WHAT TO PRODUCE: In the data below, set down exactly the lines from the one containing "A-line Satin Tulle" up to and including the one containing "تسلم فخامة الرئيس". Leave the pictures out.

DATA:
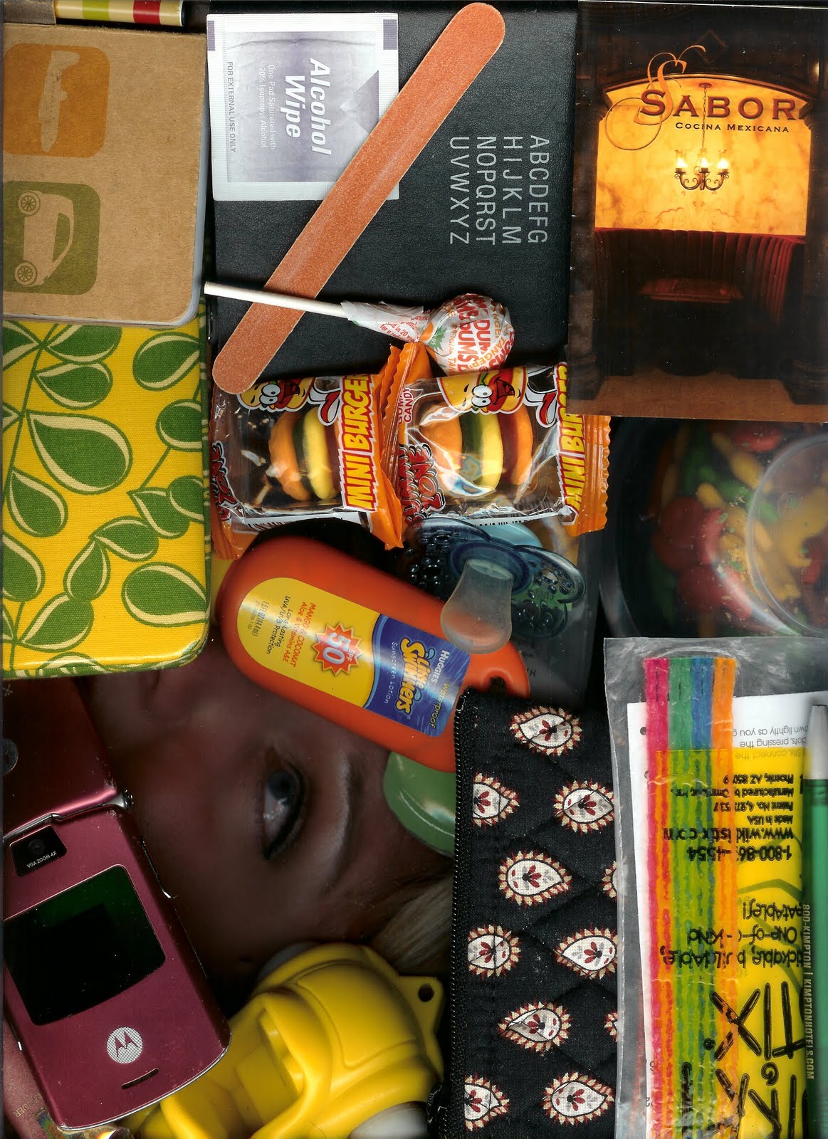 Hmm...not sure if I want my picture taken with random receipts, feminine products, and a couple stray pieces of squashed candy. I like your purse contents way better.
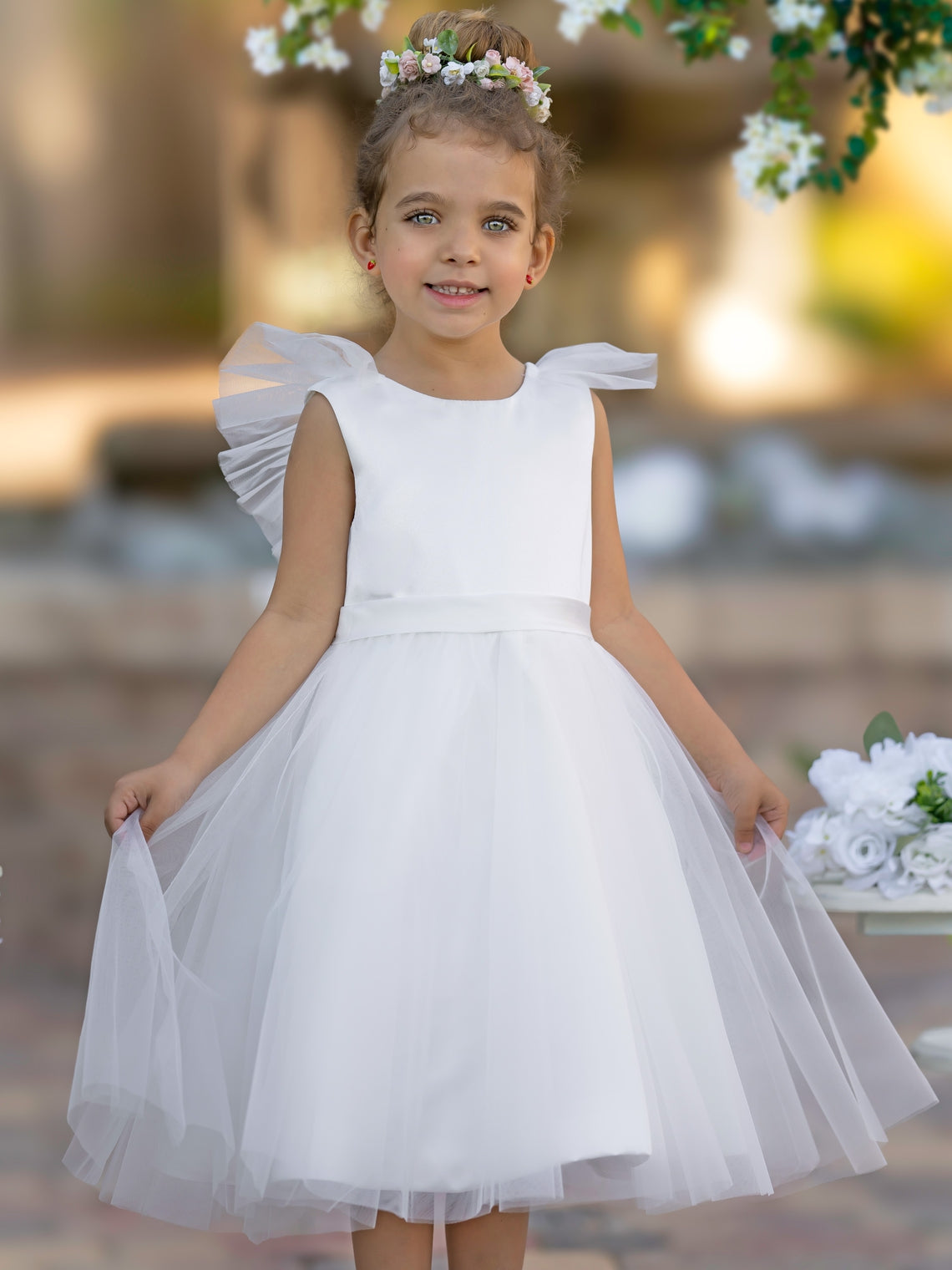 A-line Satin Tulle Knee-length Flower Girl Dress
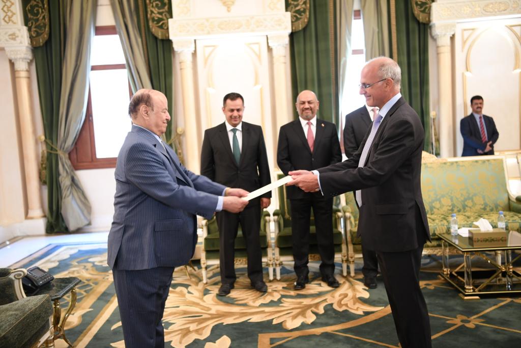تسلم فخامة الرئيس عبدربه منصور هادي رئيس الجمهورية صباح اليوم أوراق اعتماد مايكل أرون سفير المملكة المتحدة لدى بلادنا.
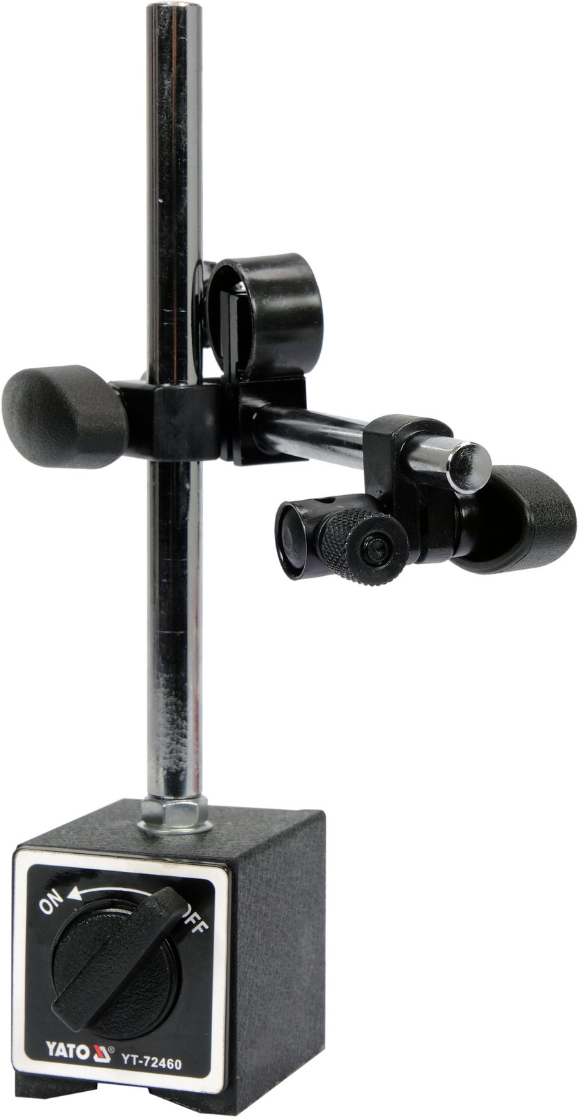 Profesionální magnetický stojan YT-72460 pro číselníky YT-72450 a YT-72453. Má pružinový kloub pro přesné umístění číselníku na měřený díl. Současné uzamčení středního a horního kloubu centrálním knoflíkem. Magnetická základna s hranolovou drážkou pod ní. Vysoká tažná síla zajišťuje stabilní a bezpečné spojení s kovovými součástmi - odpojení součásti se provádí pomocí speciálního knoflíku.

OUTPUT:
 A-line Satin Tulle Knee-length Flower Girl Dress
تسلم فخامة الرئيس عبدربه منصور هادي رئيس الجمهورية صباح اليوم أوراق اعتماد مايكل أرون سفير المملكة المتحدة لدى بلادنا.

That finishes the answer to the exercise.